▶ [Goal of the exercise]
Pictures stay out of the answer, but every line of the material must be restated exactly.

▶ [Data shown]
______
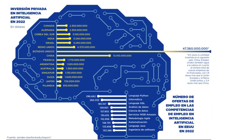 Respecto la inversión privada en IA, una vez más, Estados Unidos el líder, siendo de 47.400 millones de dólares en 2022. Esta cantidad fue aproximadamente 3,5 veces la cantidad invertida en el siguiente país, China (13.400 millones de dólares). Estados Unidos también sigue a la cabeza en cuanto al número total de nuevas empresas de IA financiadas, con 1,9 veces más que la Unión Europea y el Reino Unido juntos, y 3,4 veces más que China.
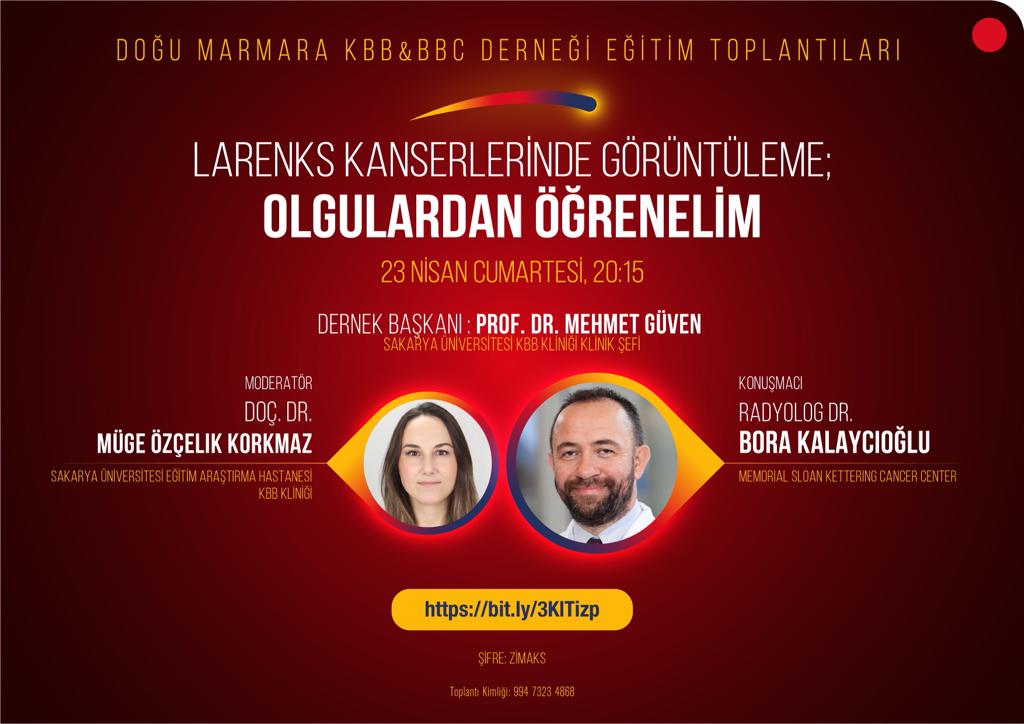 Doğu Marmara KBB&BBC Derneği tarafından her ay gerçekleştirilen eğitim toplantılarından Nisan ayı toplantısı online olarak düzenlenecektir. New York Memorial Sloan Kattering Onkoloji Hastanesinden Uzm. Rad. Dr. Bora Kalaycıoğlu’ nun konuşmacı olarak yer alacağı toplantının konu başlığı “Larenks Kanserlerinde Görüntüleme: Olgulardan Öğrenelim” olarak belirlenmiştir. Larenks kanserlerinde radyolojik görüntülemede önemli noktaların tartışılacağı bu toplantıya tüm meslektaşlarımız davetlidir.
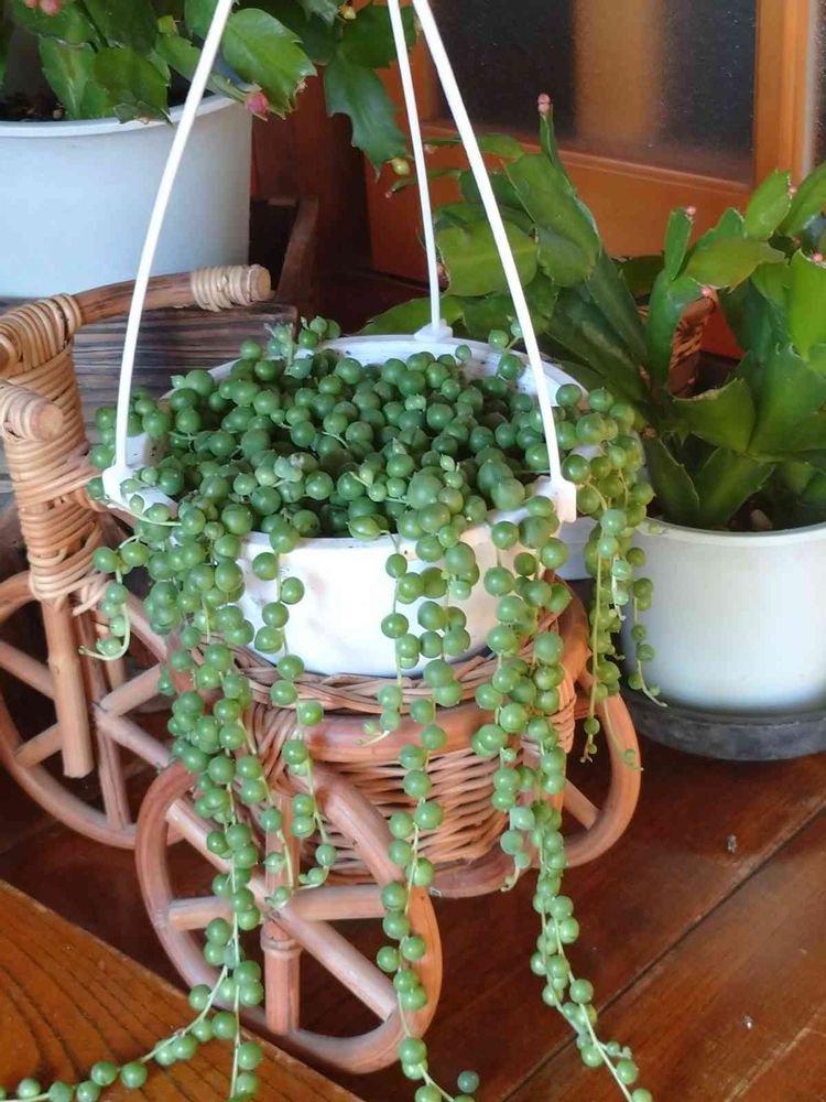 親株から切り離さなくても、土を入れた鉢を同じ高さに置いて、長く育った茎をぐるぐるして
______
▶ [Answer box]
 Respecto la inversión privada en IA, una vez más, Estados Unidos el líder, siendo de 47.400 millones de dólares en 2022. Esta cantidad fue aproximadamente 3,5 veces la cantidad invertida en el siguiente país, China (13.400 millones de dólares). Estados Unidos también sigue a la cabeza en cuanto al número total de nuevas empresas de IA financiadas, con 1,9 veces más que la Unión Europea y el Reino Unido juntos, y 3,4 veces más que China.
 Doğu Marmara KBB&BBC Derneği tarafından her ay gerçekleştirilen eğitim toplantılarından Nisan ayı toplantısı online olarak düzenlenecektir. New York Memorial Sloan Kattering Onkoloji Hastanesinden Uzm. Rad. Dr. Bora Kalaycıoğlu’ nun konuşmacı olarak yer alacağı toplantının konu başlığı “Larenks Kanserlerinde Görüntüleme: Olgulardan Öğrenelim” olarak belirlenmiştir. Larenks kanserlerinde radyolojik görüntülemede önemli noktaların tartışılacağı bu toplantıya tüm meslektaşlarımız davetlidir.
 親株から切り離さなくても、土を入れた鉢を同じ高さに置いて、長く育った茎をぐるぐるして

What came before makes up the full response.